Sosyal medyada karşıma çıkan yaşlı bir kadının ve torununun yaşadığı rol yapma macerası hem sizi üzecek, hem de kalbinizi ısıtacak.
Geçtiğimiz gün Facebook’ta gördüğüm sonra Twitter’da da yayılan Antoine H.’in hikayesini sizlerle paylaşmak istiyorum. Belki gözünüzden kaçmıştır, belki de görmemişsinizdir.
Yıllar içerisinde hem masaüstü oyunlarda, hem de dijital oyunlarda yaşanan arkadaşlık ve dostluk hikayelerini okumak her zaman hoşuma gitmiştir.
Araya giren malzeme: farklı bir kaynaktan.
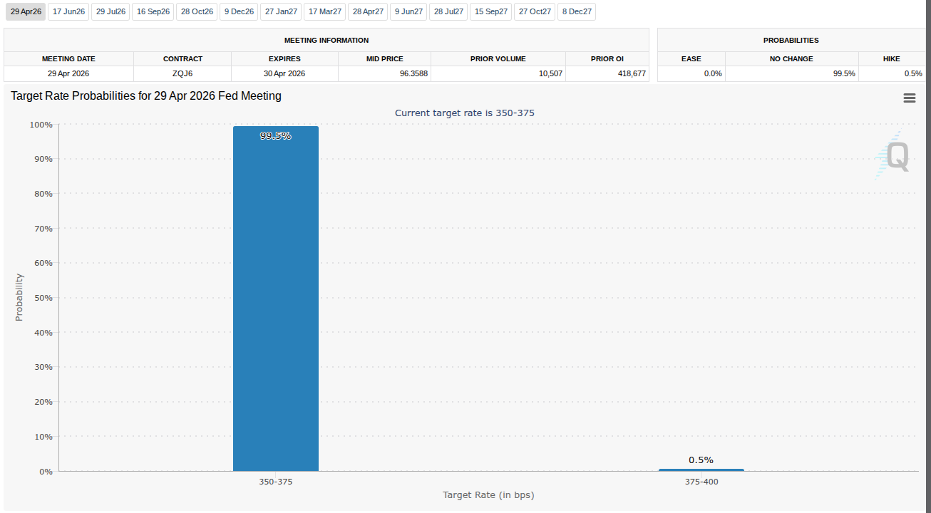 آخرین دادههای ابزار «FedWatch» گروه CME نشان میدهد که شانس تغییر نرخ بهره توسط فدرال رزرو در نشست هفته آینده عملاً صفر است.
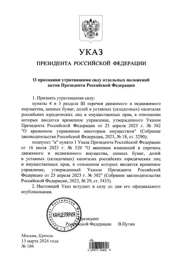 ⚡️ И еще одна невозможность случилась. Президент отменил передачу активов Danone во временное управление Росимущества. Документ опубликован на портале правовой информации.
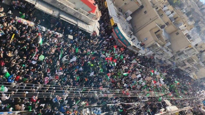 Warga Yordania kembali menggelar demonstrasi dalam rangka peringatan berdirinya gerakan Hamas, dan menuntut diakhirinya genosida warga Palestina dan pengepungan Jalur Gaza oleh tentara rezim Zionis.
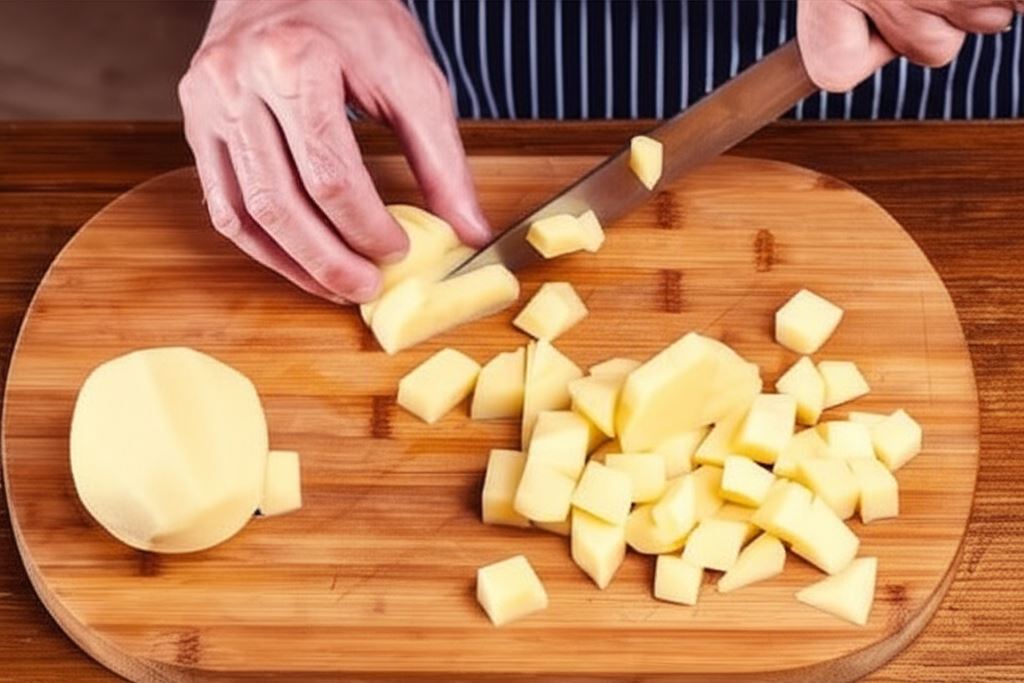 Posiekaj ziemniaki w małą kostkę i dodaj do rosołu.
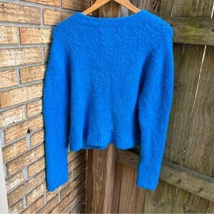 Bright blue cardigan with a cozy texture. Features button closure and front pockets. Ideal for layering.
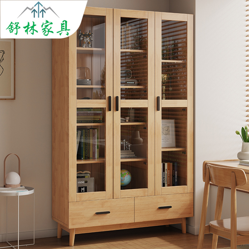 実木本棚ガラス付き客間家庭用展示棚現代シンプル児童夏休み着地事務書類棚
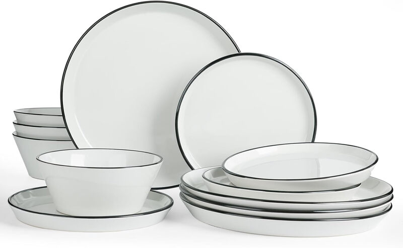 Richmount 12-teiliges konisches Geschirrset mit schwarzem Rand - Reinweiß

Yıllar sonra tekrar buluşan arkadaşlar, hayatını değiştiren takım arkadaşları, sevgili olanlar, evlenenler vs.
Bu seferki hikayeyi okurken hem üzüldüm, hem de yüzüme bir gülümseme yayıldı.
Büyükannem vefat etti. Cenazesi bugündü. Fakat konuşmak istediğim önemli bir konu var: Onun Dungeons and Dragons’a olan aşkı.
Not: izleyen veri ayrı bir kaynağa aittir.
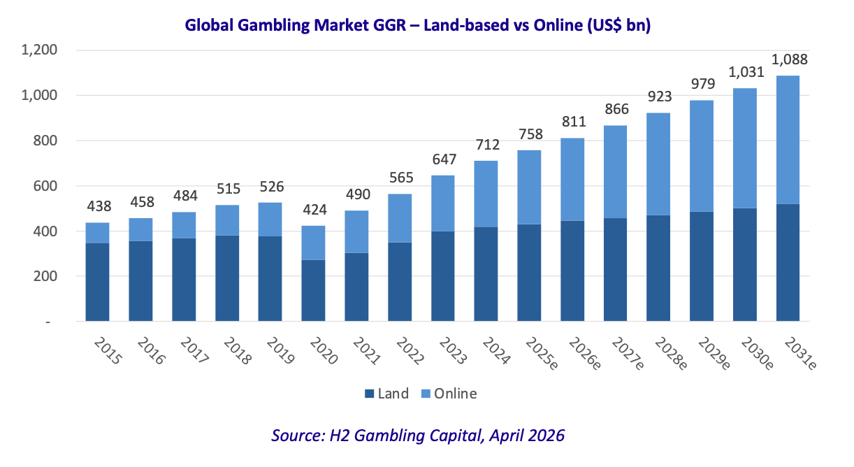 The most significant headline from this update is the confirmation that global gambling GGR will cross $1 trillion for the first time in 2030, with H2 now forecasting total global GGR of $1,031bn in that year, rising to $1,088bn in 2031. To put this in context, global GGR stood at $438bn in 2015, meaning the industry will have more than doubled in nominal terms over a 16-year period. By 2024 the market had already reached $712bn, reflecting the rapid post-Covid recovery and strong structural growth in online gambling.
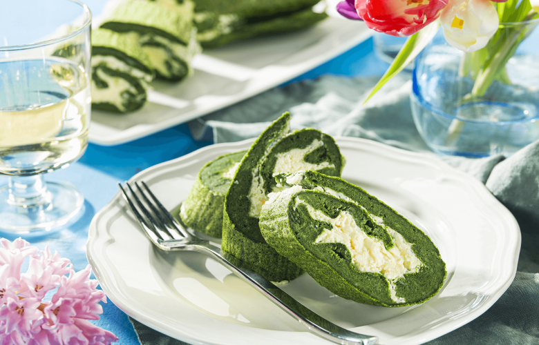 Z vychladnutého cesta stiahneme papier na pečenie, potrieme plnkou a zvinieme do rolády. Dáme stuhnúť do chladničky a potom krájame na plátky.
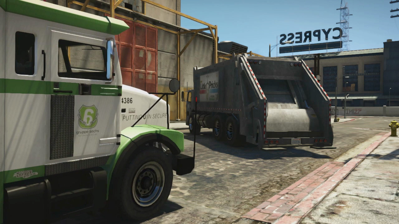 Drive to Pier 400 in the port. During the drive Trevor presses Floyd about what kinds of things they could steal around the docks. Eventually Floyd mentions that Merryweather has been guarding a freighter and also has men at a navy warehouse. They are supposedly testing something. Trevor is intrigued. When you reach the pier continue through the gate and park next to dispatch. The three exit Trevor's truck. Wade gets roped into cleaning a messy bathroom. Follow Floyd out onto the pier. Trevor asks about various ways to get the cargo out but Floyd says the airspace is restricted and the coast guard is quick. They spot the freighter. Floyd says government stuff usually moves quick but this stuff hasn't.

Bu işe çok geç bulaştı. Geçtiğimiz yıl 75 yaşındayken başladı. Birgün ona bunu denemek isteyip istemediğini sordum. Her zamanki gibi yeni bir şeyle karşılaştığında verdiği tepkiye”Tabii ki!” dedi. Böylece Player’s Handbook kitabımı aldık ve beraber ona bir karakter yarattık.
Büyükannem bir orman gnomu olmayı seçti. Çünkü ırklar arasında en neşeli olanlar onlar gibi gözüküyordu ve ufak hayvanlarla konuşabilme gerçeğini çok sevdi. Hayvan-yoldaş temasını ikiye katlayabilmek için Druid oynamayı tercih etti.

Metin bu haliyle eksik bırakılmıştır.